The OS that Immich Server is running on
k8s on Ubuntu 22.04
Version of Immich Server
v1.103.1
Version of Immich Mobile App
N/A
Platform with the issue
- [X] Server
- [ ] Web
- [ ] Mobile
Your docker-compose.yml content
Deployed from k8s yaml files
Your .env content
Deployed from k8s yaml files
Reproduction steps
1. Deploy immich, using a configuration file pointed to by the "IMMICH_CONFIG_FILE" environment variable
2. Change the "ModelName" configuration parameter in the config file to one which uses a different vector width (e.g. 1024 instead of the default 512)
3. Run a "Smart Search" job on All assets
Relevant log output
immich-microservices-67fbc95c97-9nzg7 microservices [Nest] 1 - 05/11/2024, 1:26:32 PM ERROR [JobService] Unable to run job handler (smartSearch/smart-search): QueryFailedError: pgvecto.rs: The given vector is invalid for input.
immich-microservices-67fbc95c97-9nzg7 microservices ADVICE: Check if dimensions and scalar type of the vector is matched with the index.
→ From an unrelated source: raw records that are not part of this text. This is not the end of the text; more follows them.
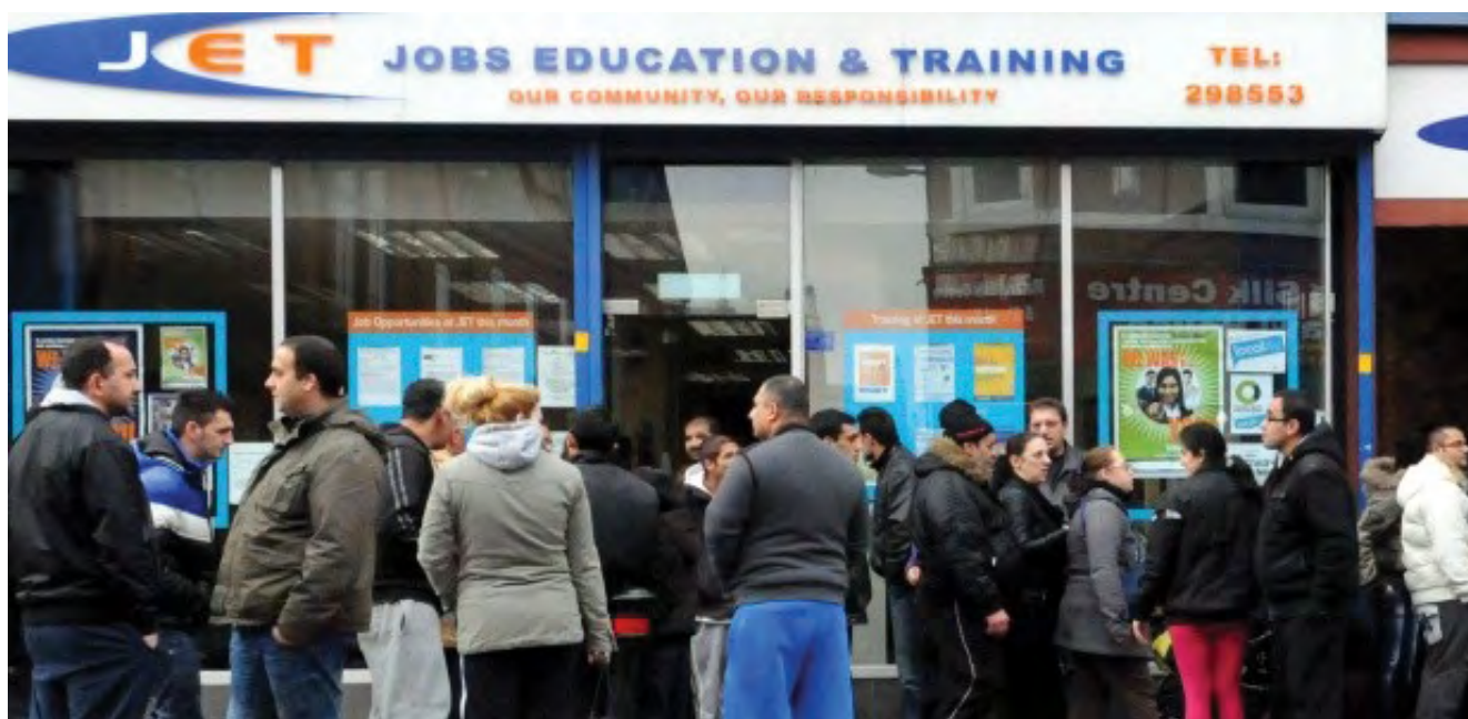
Roma waiting outside employment agency
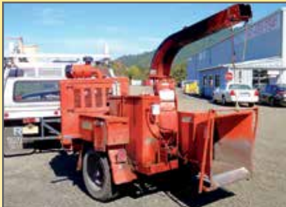
MORBARK 290 CHIPPER
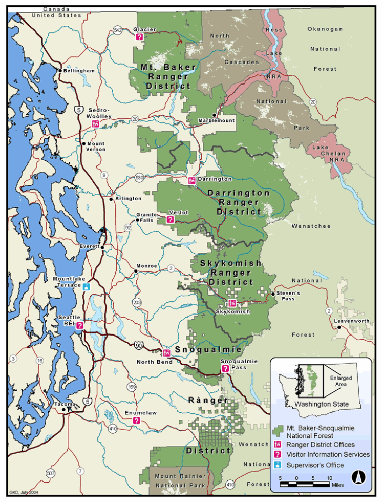
Map 3: National Forest and National Recreation Area Boundaries
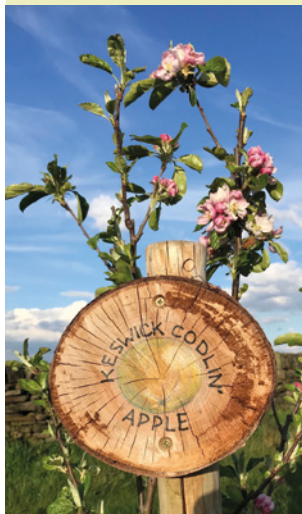
The first apple blossom in the Drury Lane Community Orchard created by the Parish Council with the aid of a grant from the Tree Council.

Offer free taster sessions for young teenagers – music, dance, drama, skills, craft workshops at various venues; community centres, parks, sports clubs.
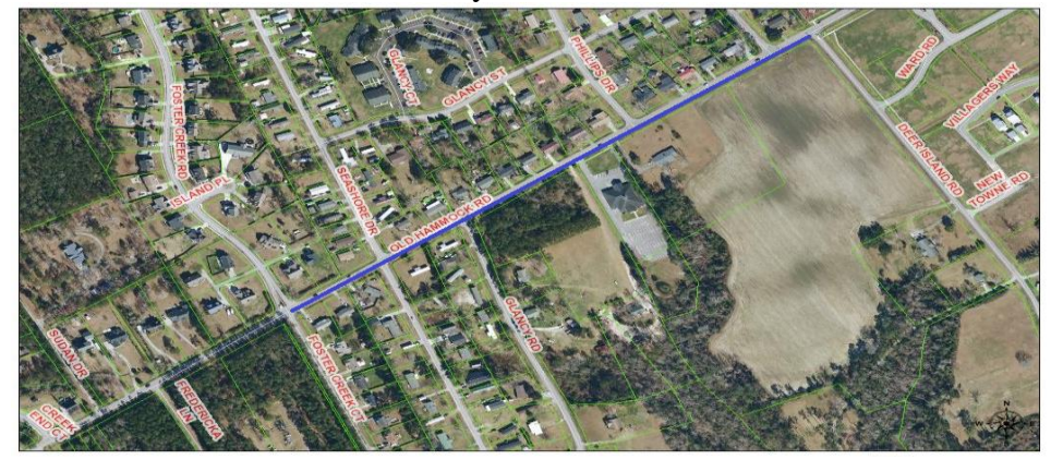
Section 2 of Priority 2

immich-microservices-67fbc95c97-9nzg7 microservices [Nest] 1 - 05/11/2024, 1:26:32 PM ERROR [JobService] QueryFailedError: pgvecto.rs: The given vector is invalid for input.
immich-microservices-67fbc95c97-9nzg7 microservices ADVICE: Check if dimensions and scalar type of the vector is matched with the index.
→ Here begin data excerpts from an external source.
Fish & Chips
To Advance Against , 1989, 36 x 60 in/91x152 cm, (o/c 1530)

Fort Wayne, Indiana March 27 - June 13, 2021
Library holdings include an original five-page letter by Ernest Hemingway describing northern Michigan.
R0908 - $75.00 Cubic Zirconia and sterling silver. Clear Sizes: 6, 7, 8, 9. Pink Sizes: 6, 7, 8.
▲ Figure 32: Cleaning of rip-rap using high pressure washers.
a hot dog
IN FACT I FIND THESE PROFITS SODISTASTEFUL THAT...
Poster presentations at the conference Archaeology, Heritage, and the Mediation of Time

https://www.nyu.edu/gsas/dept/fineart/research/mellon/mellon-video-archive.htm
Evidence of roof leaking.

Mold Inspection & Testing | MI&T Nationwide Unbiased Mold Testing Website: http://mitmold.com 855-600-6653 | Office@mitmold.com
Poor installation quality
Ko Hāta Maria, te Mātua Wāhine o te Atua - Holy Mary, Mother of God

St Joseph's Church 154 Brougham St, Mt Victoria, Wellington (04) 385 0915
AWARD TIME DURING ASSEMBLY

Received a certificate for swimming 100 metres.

immich-microservices-67fbc95c97-9nzg7 microservices at PostgresQueryRunner.query (/usr/src/app/node_modules/typeorm/driver/postgres/PostgresQueryRunner.js:219:19)
immich-microservices-67fbc95c97-9nzg7 microservices at process.processTicksAndRejections (node:internal/process/task_queues:95:5)
immich-microservices-67fbc95c97-9nzg7 microservices at async InsertQueryBuilder.execute (/usr/src/app/node_modules/typeorm/query-builder/InsertQueryBuilder.js:106:33)
immich-microservices-67fbc95c97-9nzg7 microservices at async SearchRepository.upsert (/usr/src/app/dist/repositories/search.repository.js:188:9)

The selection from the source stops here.